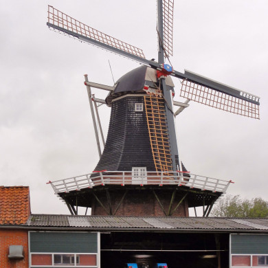 Molen de Onderneming. Achtkante bovenkruier met stelling gebouwd in 1858.
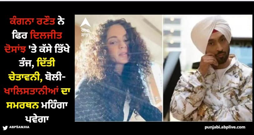 Kangana Ranaut Diljit Dosanjh: ਹਿੰਦੀ ਫਿਲਮ ਅਦਾਕਾਰਾ ਕੰਗਨਾ ਰਣੌਤ ਨੇ ਇੱਕ ਵਾਰ ਮੁੜ ਦਿਲਜੀਤ ਦੋਸਾਂਝ 'ਤੇ ਨਿਸ਼ਾਨਾ ਲਾਇਆ ਹੈ। ਕੱਟੜਪੰਥੀ ਸਿੱਖ ਪ੍ਰਚਾਰਕ ਅਤੇ ਵਾਰਿਸ ਪੰਜਾਬ ਦੇ ਮੁਖੀ ਅੰਮ੍ਰਿਤਪਾਲ ਸਿੰਘ 'ਤੇ ਪੰਜਾਬ ਪੁਲੀਸ ਕਾਰਵਾਈ ਦੇ ਮੱਦਨੇਜ਼ਰ ਕੰਗਨਾ ਨੇ ਅਦਾਕਾਰ ਅਤੇ ਗਾਇਕ ਦਿਲਜੀਤ ਲਈ ਸੋਸ਼ਲ ਮੀਡੀਆ 'ਤੇ ਚੇਤਾਵਨੀ ਵੀ ਪੋਸਟ ਕੀਤੀ ਹੈ। ਇਨ੍ਹੀਂ ਦਿਨੀਂ ਸੋਸ਼ਲ ਮੀਡੀਆ 'ਤੇ ਚੱਲ ਰਹੇ ਮਸ਼ਹੂਰ ਮੀਮ ਦੀ ਮਿਸਾਲ ਦਿੰਦੇ ਹੋਏ ਉਸ ਨੇ ਲਿਖਿਆ, ਦਿਲਜੀਤ ਜੀ 'ਪੁਲਸ ਆ ਗਈ ਪੁਲਸ।’ ਕੰਗਨਾ ਨੇ ਟਵਿੱਟਰ ਅਤੇ ਇੰਸਟਾਗ੍ਰਾਮ ’ਤੇ ਪੋਸਟ ਸ਼ੇਅਰ ਕੀਤੀ ਹੈ।
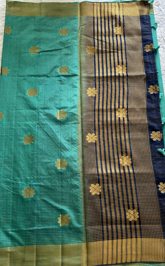 Semi Tussar Saree Sea Green Colored complemented with a Zari Border.
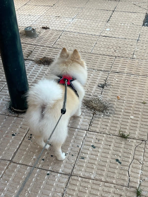 Design simples e fácil de colocar, ótimo para quem tem pouco tempo de manhã e precisa sair rápido com o pet.

PROBLEM DESCRIPTION >> Pictures stay out. Everything else in the listing gets printed exactly.

ANSWER TO THE PROBLEM >>
 Molen de Onderneming. Achtkante bovenkruier met stelling gebouwd in 1858.
 Kangana Ranaut Diljit Dosanjh: ਹਿੰਦੀ ਫਿਲਮ ਅਦਾਕਾਰਾ ਕੰਗਨਾ ਰਣੌਤ ਨੇ ਇੱਕ ਵਾਰ ਮੁੜ ਦਿਲਜੀਤ ਦੋਸਾਂਝ 'ਤੇ ਨਿਸ਼ਾਨਾ ਲਾਇਆ ਹੈ। ਕੱਟੜਪੰਥੀ ਸਿੱਖ ਪ੍ਰਚਾਰਕ ਅਤੇ ਵਾਰਿਸ ਪੰਜਾਬ ਦੇ ਮੁਖੀ ਅੰਮ੍ਰਿਤਪਾਲ ਸਿੰਘ 'ਤੇ ਪੰਜਾਬ ਪੁਲੀਸ ਕਾਰਵਾਈ ਦੇ ਮੱਦਨੇਜ਼ਰ ਕੰਗਨਾ ਨੇ ਅਦਾਕਾਰ ਅਤੇ ਗਾਇਕ ਦਿਲਜੀਤ ਲਈ ਸੋਸ਼ਲ ਮੀਡੀਆ 'ਤੇ ਚੇਤਾਵਨੀ ਵੀ ਪੋਸਟ ਕੀਤੀ ਹੈ। ਇਨ੍ਹੀਂ ਦਿਨੀਂ ਸੋਸ਼ਲ ਮੀਡੀਆ 'ਤੇ ਚੱਲ ਰਹੇ ਮਸ਼ਹੂਰ ਮੀਮ ਦੀ ਮਿਸਾਲ ਦਿੰਦੇ ਹੋਏ ਉਸ ਨੇ ਲਿਖਿਆ, ਦਿਲਜੀਤ ਜੀ 'ਪੁਲਸ ਆ ਗਈ ਪੁਲਸ।’ ਕੰਗਨਾ ਨੇ ਟਵਿੱਟਰ ਅਤੇ ਇੰਸਟਾਗ੍ਰਾਮ ’ਤੇ ਪੋਸਟ ਸ਼ੇਅਰ ਕੀਤੀ ਹੈ।
 Semi Tussar Saree Sea Green Colored complemented with a Zari Border.
 Design simples e fácil de colocar, ótimo para quem tem pouco tempo de manhã e precisa sair rápido com o pet.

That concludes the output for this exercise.